Exercise ▸
For this exercise, copy exactly the lines below from the one with "FANTURE Pantofole da" through the one with "This design helps" and leave out the pictures.

[Recorded data]
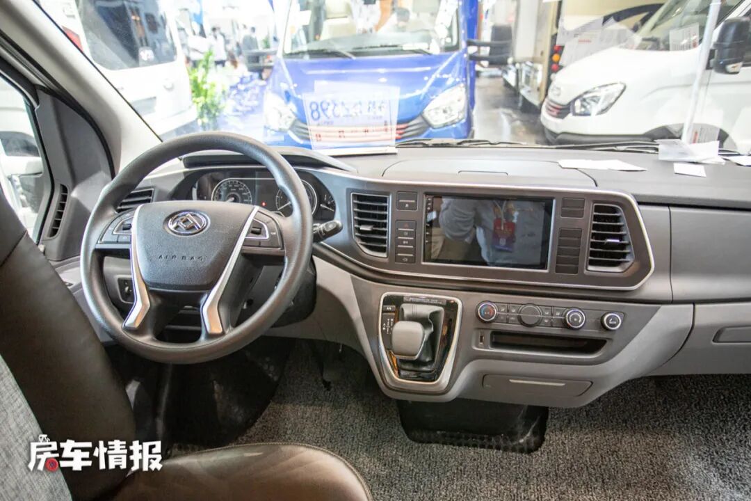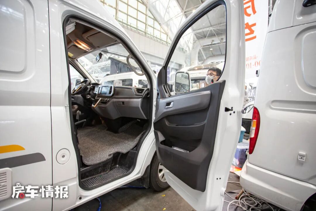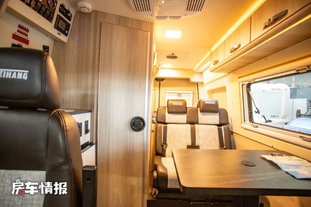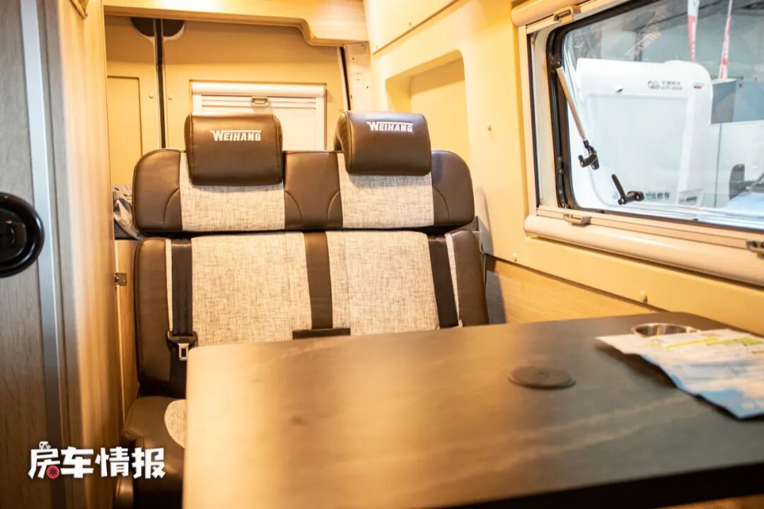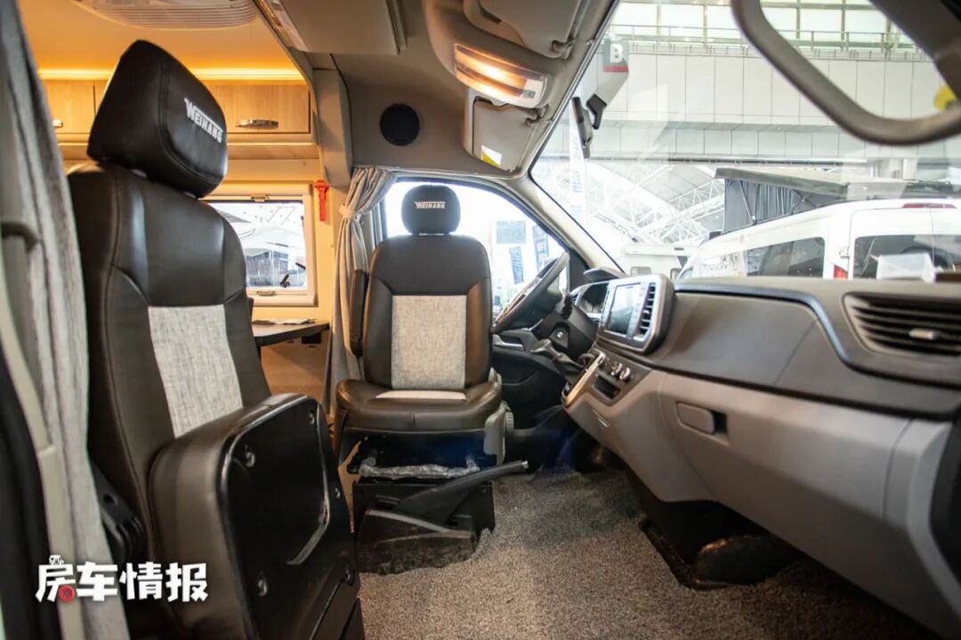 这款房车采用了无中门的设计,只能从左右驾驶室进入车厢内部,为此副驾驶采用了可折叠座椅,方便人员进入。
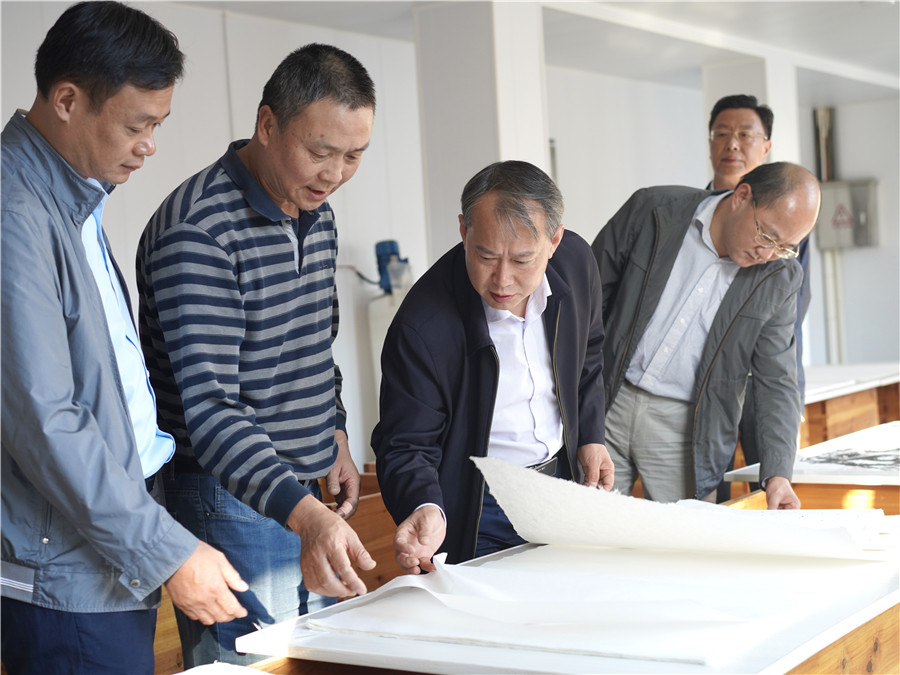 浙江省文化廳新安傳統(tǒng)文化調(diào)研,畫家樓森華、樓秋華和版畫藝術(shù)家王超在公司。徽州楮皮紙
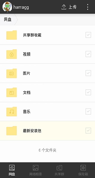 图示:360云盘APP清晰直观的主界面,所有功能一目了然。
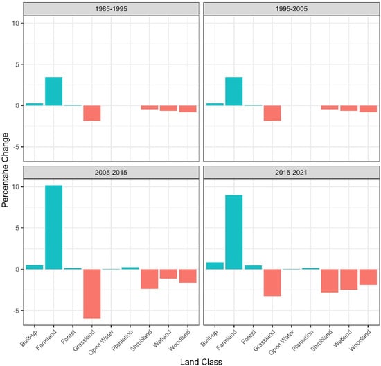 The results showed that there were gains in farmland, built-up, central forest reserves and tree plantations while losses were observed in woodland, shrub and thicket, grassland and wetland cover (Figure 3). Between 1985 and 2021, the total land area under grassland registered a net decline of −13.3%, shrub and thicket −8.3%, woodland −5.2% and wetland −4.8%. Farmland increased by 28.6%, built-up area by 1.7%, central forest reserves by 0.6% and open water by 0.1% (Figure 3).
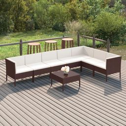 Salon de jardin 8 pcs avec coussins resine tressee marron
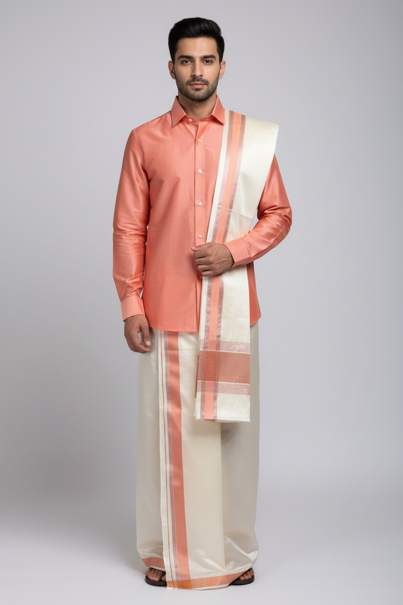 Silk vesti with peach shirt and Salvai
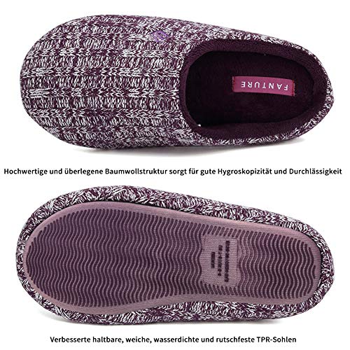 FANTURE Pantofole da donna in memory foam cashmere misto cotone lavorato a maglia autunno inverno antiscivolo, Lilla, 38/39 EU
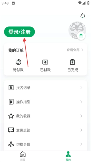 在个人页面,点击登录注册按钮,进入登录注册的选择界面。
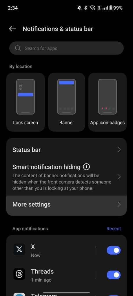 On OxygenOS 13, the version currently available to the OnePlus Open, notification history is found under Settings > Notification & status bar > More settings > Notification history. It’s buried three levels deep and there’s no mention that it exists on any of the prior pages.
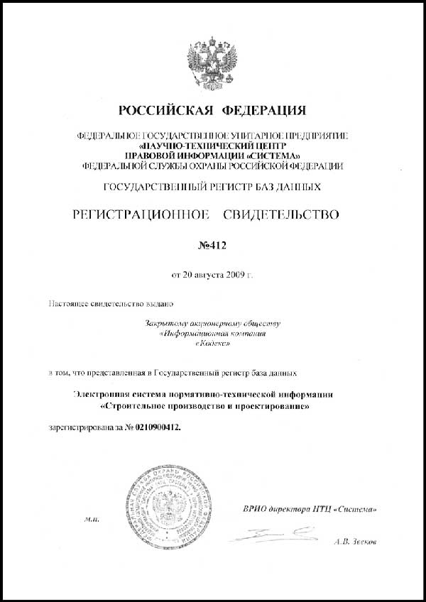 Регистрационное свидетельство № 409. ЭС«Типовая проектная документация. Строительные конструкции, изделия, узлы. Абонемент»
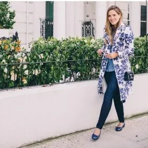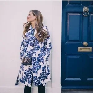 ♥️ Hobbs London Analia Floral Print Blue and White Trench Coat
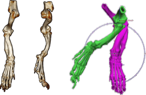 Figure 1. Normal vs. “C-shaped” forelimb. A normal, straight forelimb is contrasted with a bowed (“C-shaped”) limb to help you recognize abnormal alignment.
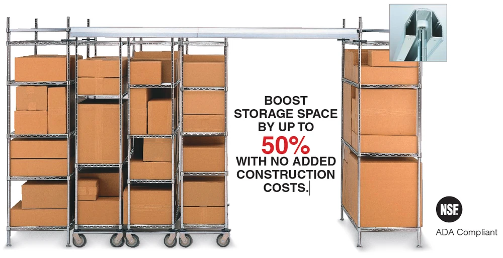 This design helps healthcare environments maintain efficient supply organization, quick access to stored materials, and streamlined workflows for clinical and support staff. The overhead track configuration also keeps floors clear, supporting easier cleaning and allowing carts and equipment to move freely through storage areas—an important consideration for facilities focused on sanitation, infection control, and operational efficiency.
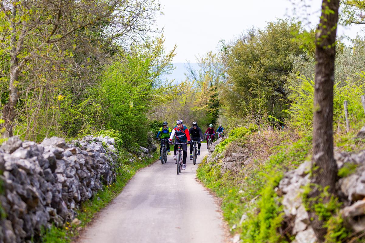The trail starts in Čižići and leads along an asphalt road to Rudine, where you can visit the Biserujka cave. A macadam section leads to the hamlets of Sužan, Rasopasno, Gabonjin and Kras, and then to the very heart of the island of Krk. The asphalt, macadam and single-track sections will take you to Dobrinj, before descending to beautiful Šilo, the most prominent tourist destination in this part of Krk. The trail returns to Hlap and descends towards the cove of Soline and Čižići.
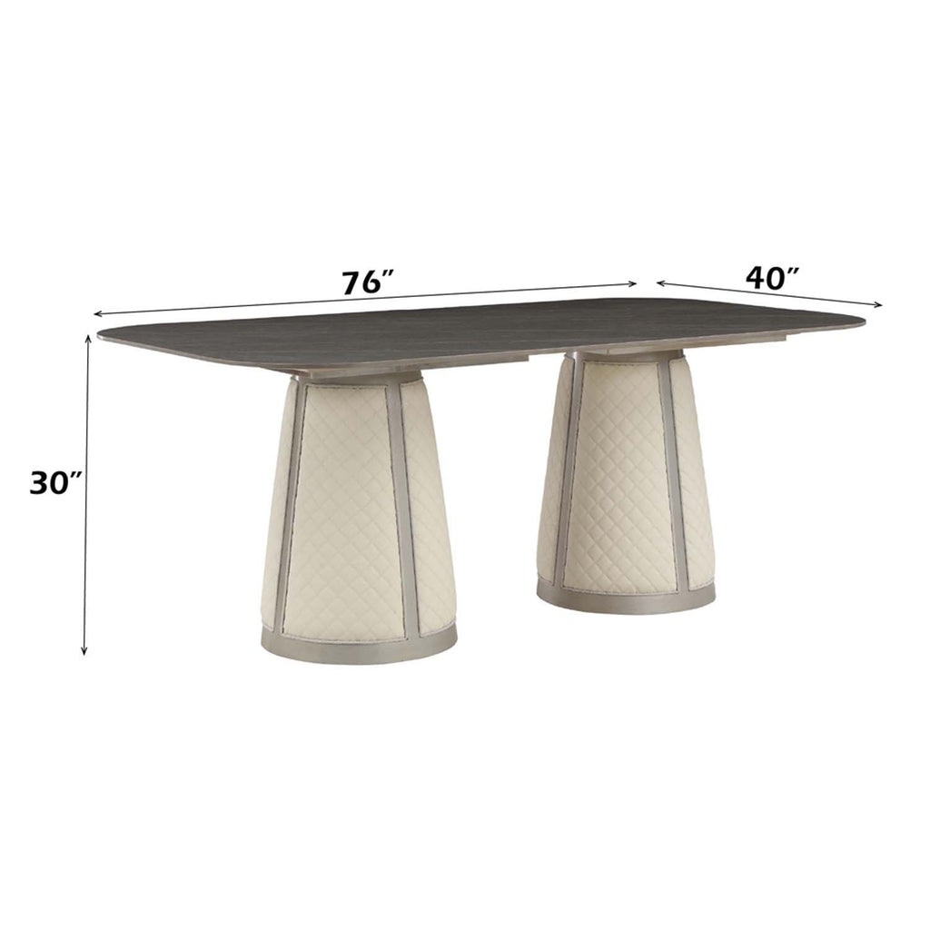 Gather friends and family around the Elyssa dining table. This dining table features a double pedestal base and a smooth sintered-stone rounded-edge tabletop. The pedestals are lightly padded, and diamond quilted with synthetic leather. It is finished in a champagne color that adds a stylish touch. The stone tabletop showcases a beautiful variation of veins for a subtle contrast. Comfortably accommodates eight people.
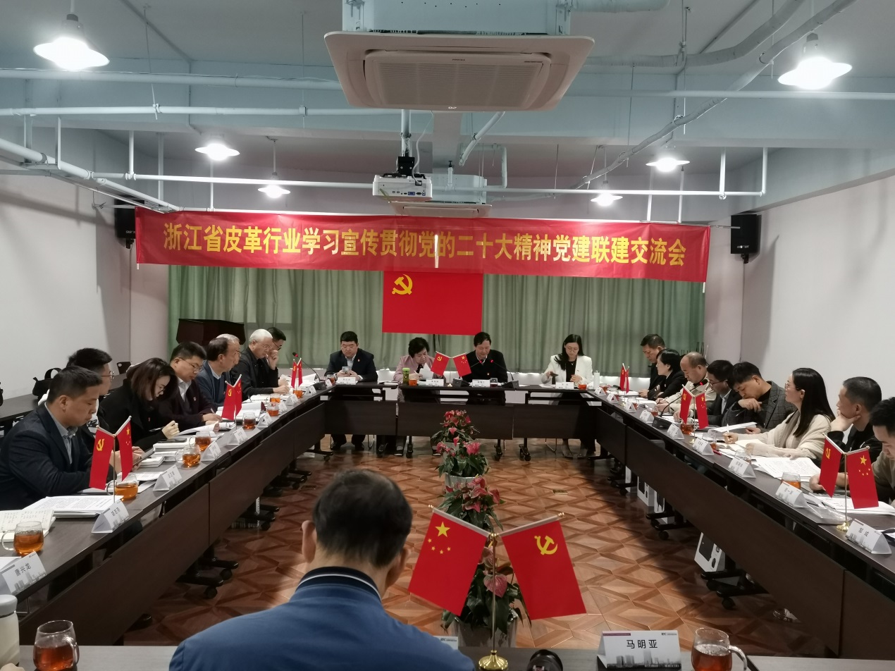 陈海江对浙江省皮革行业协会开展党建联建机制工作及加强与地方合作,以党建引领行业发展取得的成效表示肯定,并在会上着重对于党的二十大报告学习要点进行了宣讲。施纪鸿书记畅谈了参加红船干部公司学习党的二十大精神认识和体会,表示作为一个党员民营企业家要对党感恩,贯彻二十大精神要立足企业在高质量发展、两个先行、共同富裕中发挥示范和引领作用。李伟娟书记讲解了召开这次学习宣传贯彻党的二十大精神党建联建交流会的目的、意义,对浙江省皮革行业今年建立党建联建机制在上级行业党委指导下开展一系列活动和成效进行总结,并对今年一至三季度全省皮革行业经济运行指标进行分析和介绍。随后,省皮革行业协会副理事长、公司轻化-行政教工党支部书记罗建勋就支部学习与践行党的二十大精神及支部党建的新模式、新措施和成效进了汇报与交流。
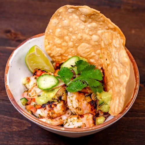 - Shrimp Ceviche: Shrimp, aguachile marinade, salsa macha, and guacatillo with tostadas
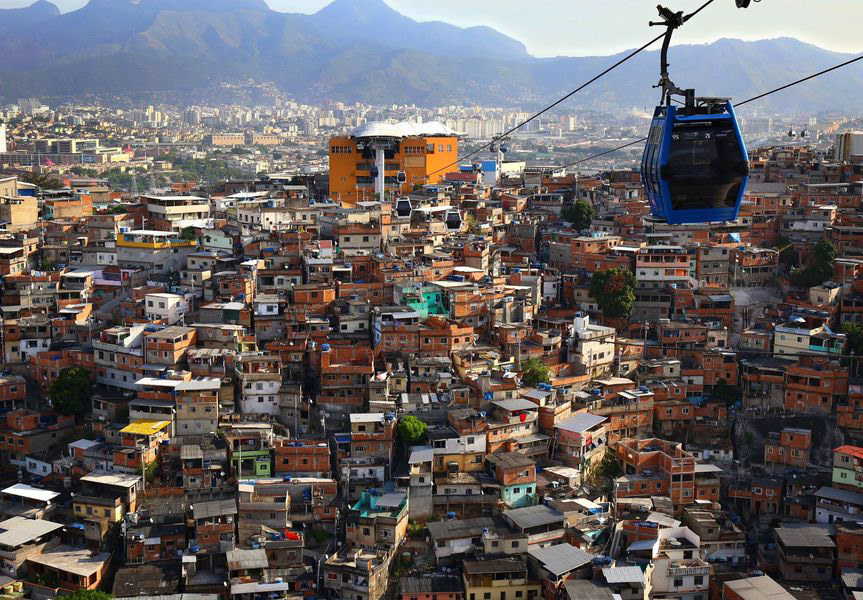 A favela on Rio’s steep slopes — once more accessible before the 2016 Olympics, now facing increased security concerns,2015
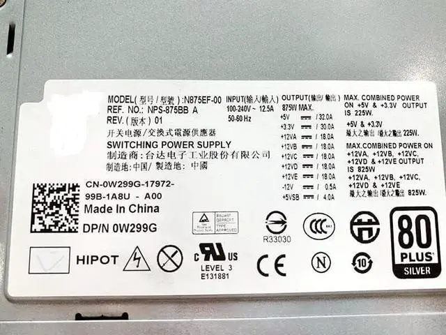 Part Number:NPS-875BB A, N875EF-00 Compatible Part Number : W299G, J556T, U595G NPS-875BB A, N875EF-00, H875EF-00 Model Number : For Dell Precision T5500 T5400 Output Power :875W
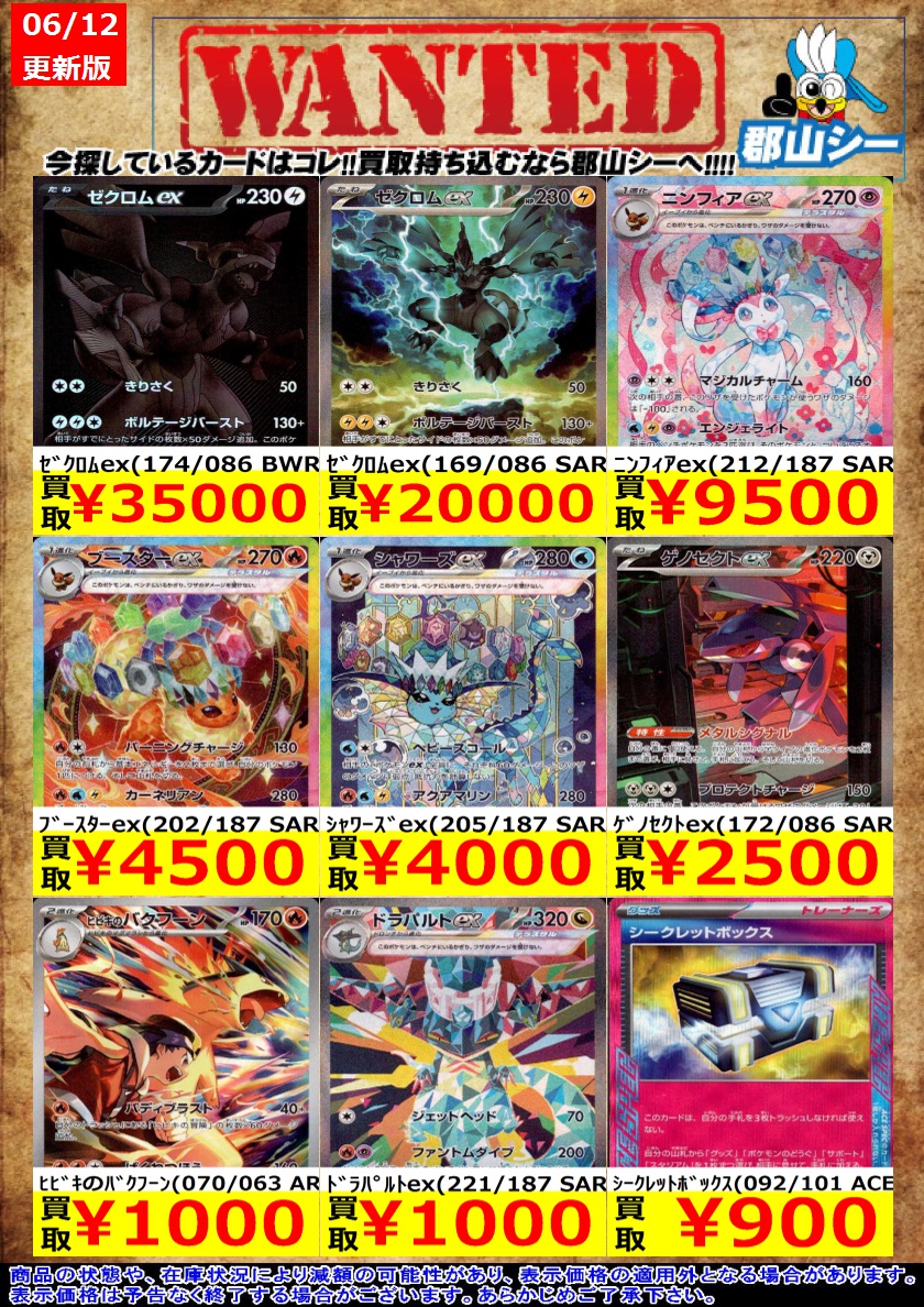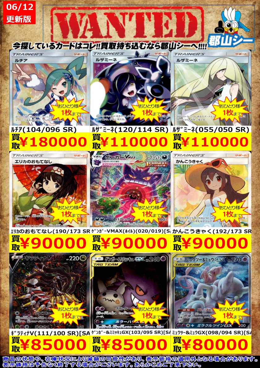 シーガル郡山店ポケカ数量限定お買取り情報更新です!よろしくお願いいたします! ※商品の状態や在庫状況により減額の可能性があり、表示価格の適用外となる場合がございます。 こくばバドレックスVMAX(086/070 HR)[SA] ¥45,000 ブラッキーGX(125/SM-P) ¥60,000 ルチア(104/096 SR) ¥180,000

Answer for the task ▸
 FANTURE Pantofole da donna in memory foam cashmere misto cotone lavorato a maglia autunno inverno antiscivolo, Lilla, 38/39 EU
 在个人页面,点击登录注册按钮,进入登录注册的选择界面。
 On OxygenOS 13, the version currently available to the OnePlus Open, notification history is found under Settings > Notification & status bar > More settings > Notification history. It’s buried three levels deep and there’s no mention that it exists on any of the prior pages.
 Регистрационное свидетельство № 409. ЭС«Типовая проектная документация. Строительные конструкции, изделия, узлы. Абонемент»
 ♥️ Hobbs London Analia Floral Print Blue and White Trench Coat
 Figure 1. Normal vs. “C-shaped” forelimb. A normal, straight forelimb is contrasted with a bowed (“C-shaped”) limb to help you recognize abnormal alignment.
 This design helps healthcare environments maintain efficient supply organization, quick access to stored materials, and streamlined workflows for clinical and support staff. The overhead track configuration also keeps floors clear, supporting easier cleaning and allowing carts and equipment to move freely through storage areas—an important consideration for facilities focused on sanitation, infection control, and operational efficiency.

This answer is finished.